Every chapter so far has followed one direction: the client (Claude) decides to call a tool, the server executes it, returns a result. Sampling flips this.
Sampling lets the server ask the client's LLM to generate a completion mid-execution. The server sends a sampling/createMessage request, the client's LLM generates a response, and the result is returned to the server — all without the user seeing it happen.
Normal flow:
User message → Claude → decides to call tool → server executes → result returned
Sampling flow:
User message → Claude → calls tool → server runs → server asks LLM a question
↓
LLM generates answer
↓
server continues with that answer
↓
result returned to Claude
This is what makes MCP servers genuinely intelligent — they're not just wrappers around functions. They can reason, evaluate, and make decisions using the same LLM the user is talking to.
Without sampling, a server can only return raw data.
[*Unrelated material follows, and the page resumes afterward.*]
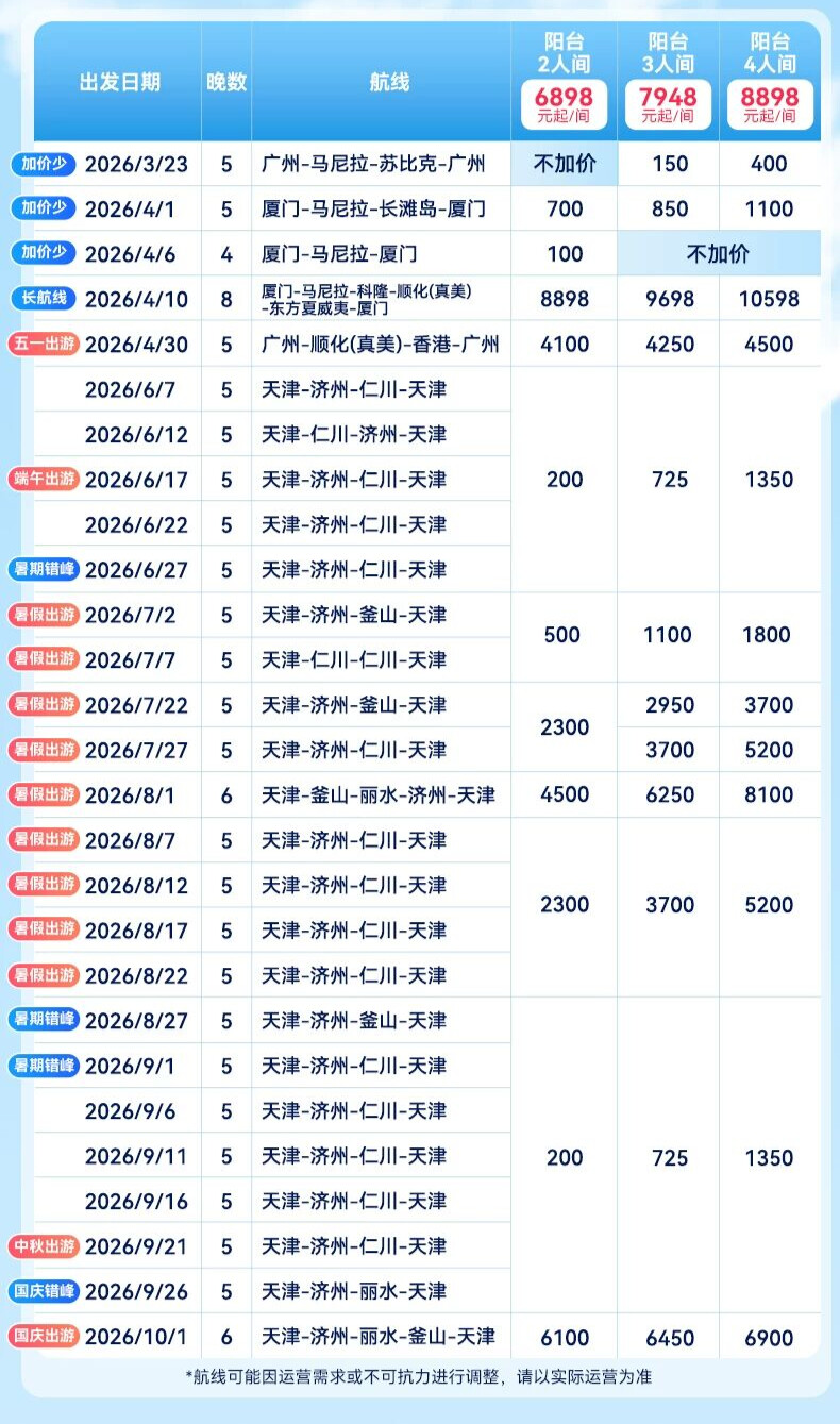 那么把需求都集中在8月旺季,导致航次少,船票自然不愁卖,等到临近暑期必然大涨,所以现在的早鸟促销是真的划算,特别是带娃家庭,阳台房直接免掉2个儿童免的船票!

With sampling, a server can return intelligence:
| Without Sampling | With Sampling |
|---|---|
| Return 5000 chars of file content | Return a 3-sentence summary of the file |
| Return raw JSON from an API | Return an interpretation of what the data means |
| Return a list of search results | Return the most relevant result with an explanation |
| Return a diff | Return what the change actually does |
The server becomes an agent layer, not just a data layer.
Client (Claude Desktop) Server (your FastMCP server)
│ │
│── tools/call ────────────────────────►│
│ │ (server starts executing)
│◄── sampling/createMessage ────────────│ (server asks LLM)
│ (Claude generates a completion) │
│── sampling result ───────────────────►│ (server gets the answer)
│ │ (server continues)
│◄── tools/call result ─────────────────│ (final result to user)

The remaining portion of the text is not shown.